Ich bin kein Chefkoch und kein Instrumentenbauer, sondern nur ein jahrzehntelanger Bastler - aber ich bin bei einer Gitarre inzwischen auch ziemlich treffsicher mit meinen Annahmen, was ich verändern muss, um bestimmte Dinge zu erreichen - und an die Grenzen, die die Substanz hergibt.
Viele neigen dazu, die Messtechnik immer und überall als den Quell aller objektiven Wahrheiten anzusehen. Ich kann diesen Ansatz aus Sicht eines Ingenieurs oder Physikers nachvollziehen, weil es für viele aus diesem Bereich die Art und Weise ist, wie die ganze Welt für sie erklärbar sein muss. Rein wissenschaftlich ist der Ansatz aber schon deshalb fragwürdig, weil Messtechnik nie vollkommen ist:
1.
Es fängt schon damit an, dass man erstmal wissen muss, welche Parameter entscheidend sind. Jede Vergleichsmessung eines neu zu beurteilenden Phänomens beruht ja erstmal nur auf einer
Annahme, nämlich dass der Wert, den man misst, überhaupt
relevant ist. Ist er es tatsächlich nicht, hat der Vergleich dieses Parameters keinerlei Aussagekraft. Eine Gleichheit von Werten ist dann nur ein Scheinbeweis. Keiner konnte mir bisher sagen, welche physikalischen Messwerte einen "warmen Sound" ausmachen.
2.
Im streng naturwissenschaftlichen Sinne ist der Beweis gar nicht führbar, dass zwei Hölzer sich
nicht unterscheiden. Man nennt so etwas auch
probatio diabolica, weil es logisch unmöglich ist, die
Nichtexistenz potentiell entscheidender weiterer Parameter nachzuweisen. Ist das Ereignis auch nur halbwegs komplex, wie z.B. ein Gitarrensound, wächst die Zahl der in Frage kommenden Parameter schon ins Uferlose.
3.
Als nächstes muss die Messtechnik existieren, die jeden einzelnen dieser Parameter mit der nötigen Genauigkeit erfassen kann. (Trotzdem gelang es römischen Baumeistern auch ohne Lasertechnik - selbst über Hügel und Täler hinweg - Aquädukte zu bauen, deren Gefälle über kilometerlange Strecken so exakt waren, dass der Wasserdruck überall genau richtig war. Ohne Erfahrung und Bauchgefühl wären sie aufgeschmissen gewesen.) Die Genauigkeit ist immer endlich, sodass auch hier nie eine endgültige Aussage getroffen werden kann. Was derzeit nicht gemessen werden kann, kann man noch lange nicht als irrelevant voraussetzen.
4.
Zu guter Letzt verfälscht jede Messung das gemessene Ergebnis selbst (und das muss man nicht mal bis auf die Unschärfeannahmen der Quantenphysik herunterbrechen), weil sie Einfluss auf das beobachtete Ereignis nimmt.
Physik ist keine Religion.
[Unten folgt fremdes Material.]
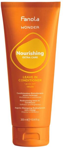 Fanola Wonder Nourishing Leave-in hajhan hagyható kondicionáló, 300 ml- Hajszerkezet átalakító és ápoló kondicionáló - Nem kiöblítendő balzsam - Ideális a száraz, fénytelen és szöszösödésre hajlamos hajtípus esetén - Használatával a haj fényes, ápolt, könnyen kifésülhető, sima és jobban formázható lesz - Vegán termék Használata: - A Fanola Wonder Nourishing sa

Sie kann keine letzten Wahrheiten bieten, sondern nur den stets unvollkommen bleibenden Versuch, die Wirklichkeit zu verstehen und zu beschreiben.
Ich frage mich schon, warum es eigentlich so schwer zu akzeptieren ist, dass manche Leute einfach Ahnung von ihrem Handwerk haben, und das dann zu
in der Praxis nutzbaren Ergebnissen führt. Muss wirklich alles und jeder unter Generalverdacht gestellt werden?
Ich stelle dem meinen eigenen Schluss entgegen: Eine fundierte Aussage über Holzklang kann machen, wer sich lange damit beschäftigt und praktische Erfahrung gesammelt hat.